Here are some practical tips to help us all seek and give a more biblical forgiveness as we do gospel life together in our local churches:

  • When we approach a person to potentially point out a sin or offense that he committed, begin by asking questions, not making judgments. This allows the person to more fully explain why he did or said something, and may actually cause you to change your mind about whether it’s really a sin or whether it requires any further confrontation. 
  • When a sin must be confronted, be specific. Beating around the bush isn’t helpful. Just say what you think the sin is or was, or name the offense.
  • When asking for forgiveness, go beyond the culturally accepted language of, “I’m sorry.” Say what you are sorry for and specifically say, “I sinned. Please forgive me.”  

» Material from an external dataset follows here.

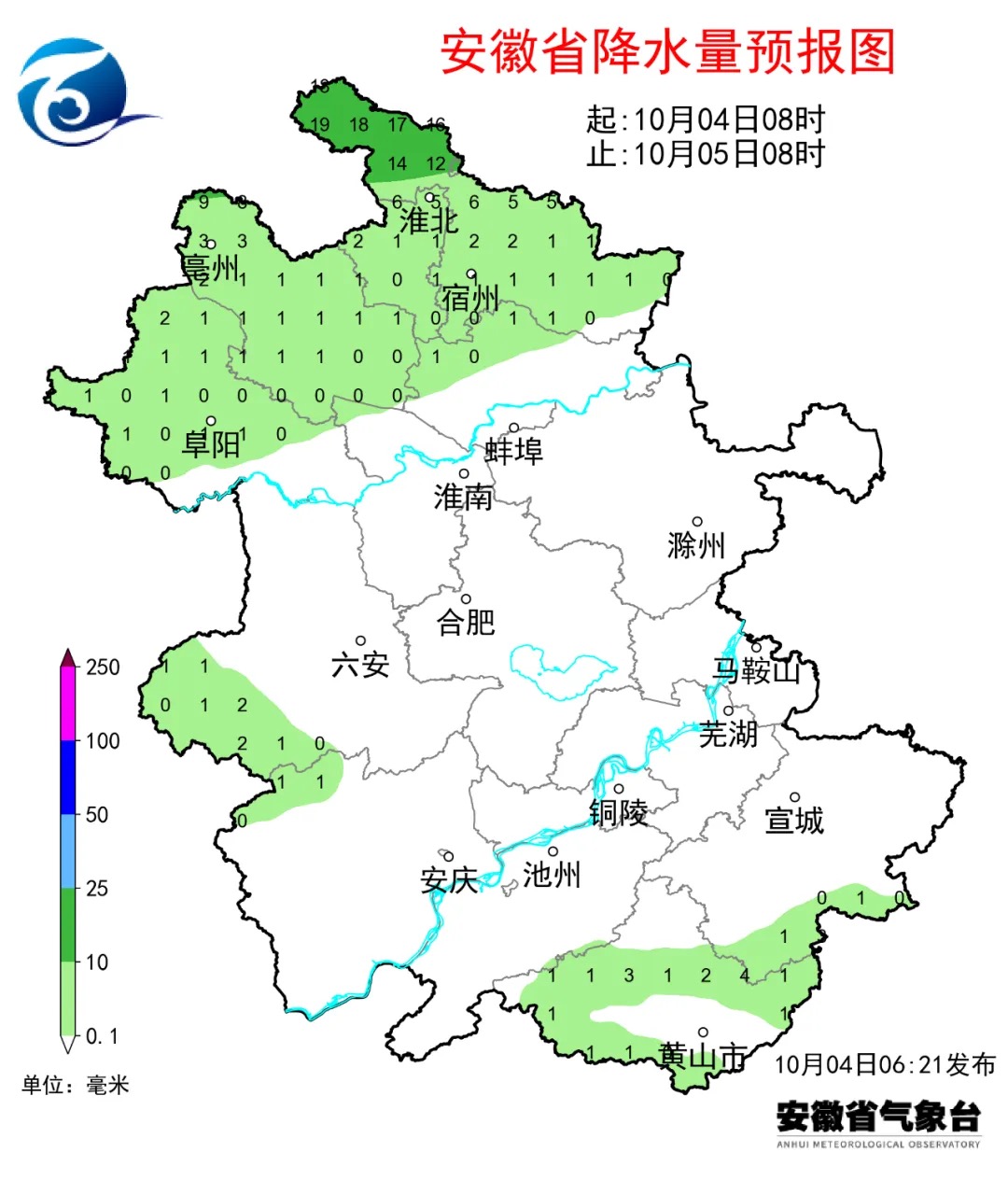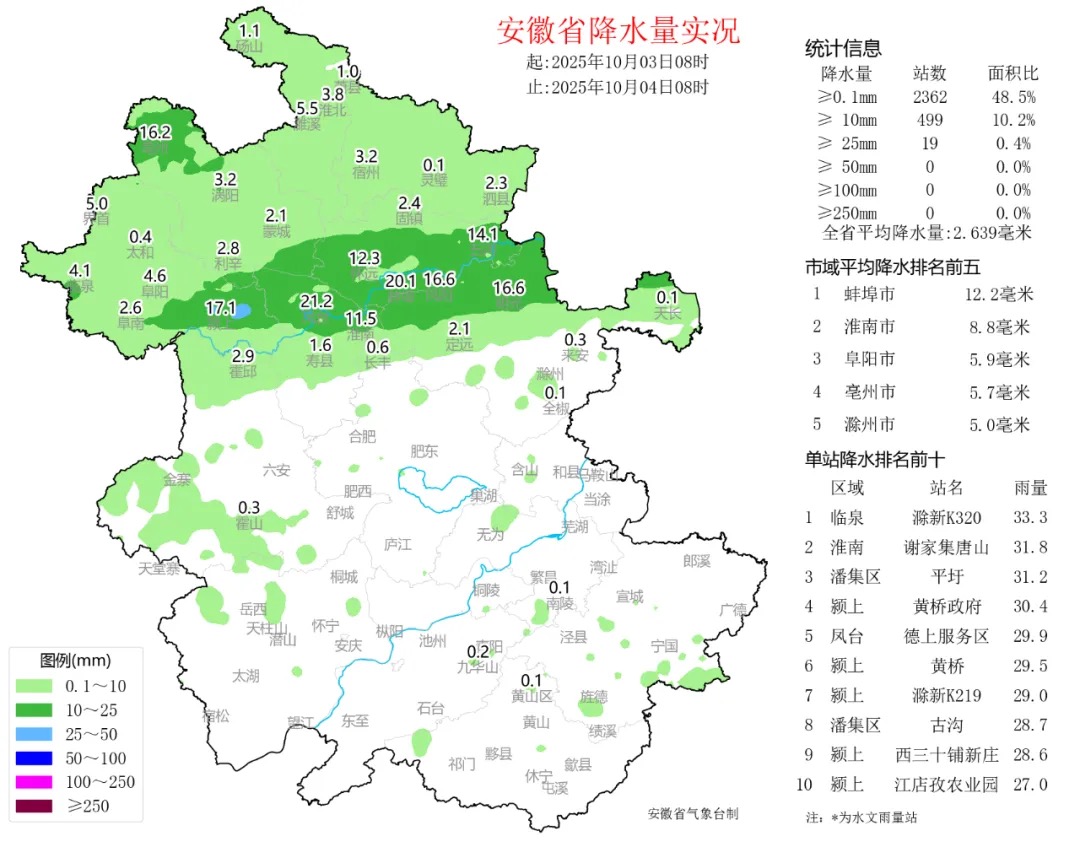 昨天沿淮淮北和大别山区出现阵雨或雷雨,其中沿淮地区中到大雨,最大临泉滁新K320站33.3毫米。

  • Avoid fake confessions. “I am sorry that you were offended by what I did” is not the same thing as saying, “I am sorry that what I did offended you,” and then calling what you did a sin, or at bare minimum an indiscretion or error. The first really blames the offended person, while the latter takes responsibility for one’s own actions. It’s the difference in pride and humility.   
  • Pray for and with one another before and after the confrontation and confession and forgiveness. Nothing so cements a relationship like getting on our knees together to call out to Jesus for forgiving mercies and for reconciling graces.  

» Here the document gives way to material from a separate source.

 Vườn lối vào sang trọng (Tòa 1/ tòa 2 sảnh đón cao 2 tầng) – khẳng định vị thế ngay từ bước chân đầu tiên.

  • Even if it becomes clear that an actual sin wasn’t committed, but an action or word still hurt someone’s feelings, be kind enough to apologize for the wound caused, and ask the hurt person to help you learn how not to do that again. Honoring each other’s feelings is a kindness, whether or not a sin was actually involved. Disregard for the feelings of others is not a virtue.
  • Don’t say you forgive a person, but then walk away from him or her in such a way that makes it clear you have no intention of really ever living as reconciled with him or her. To say you forgive someone but then want nothing to do with her is simply not forgiveness. What if Jesus forgave you that way? [This would shut down so much church-hopping if put into practice.] 
  • Be thick-skinned. Don’t be easily offended. Give your brothers and sisters the benefit-of-the-doubt. Assume the best. This is “bearing with one another in love” (Eph 4:2; Col 3:13). 
  • If a brother or sister refuses to confess a sin and repent, obey Jesus and take the next step in the corrective disciplinary process (Matt 18:16). If even this step fails, seriously consider discussing the situation with a pastor, as the brokenness of the relationship will surely soon begin to impact others in the church body. Pastoral mediation is often used of God to bring about the repentance and restoration that we should all seek in our relationships in a church body.    
  • Prayerfully consider whether this offense requires confrontation, or can it just be overlooked or covered by love (Prov 19:11; 1 Peter 4:8).

1 For this insight, I am indebted to Dr. Stuart Scott in his book 31 Ways to be a ‘One Another’ Christian, p. 48.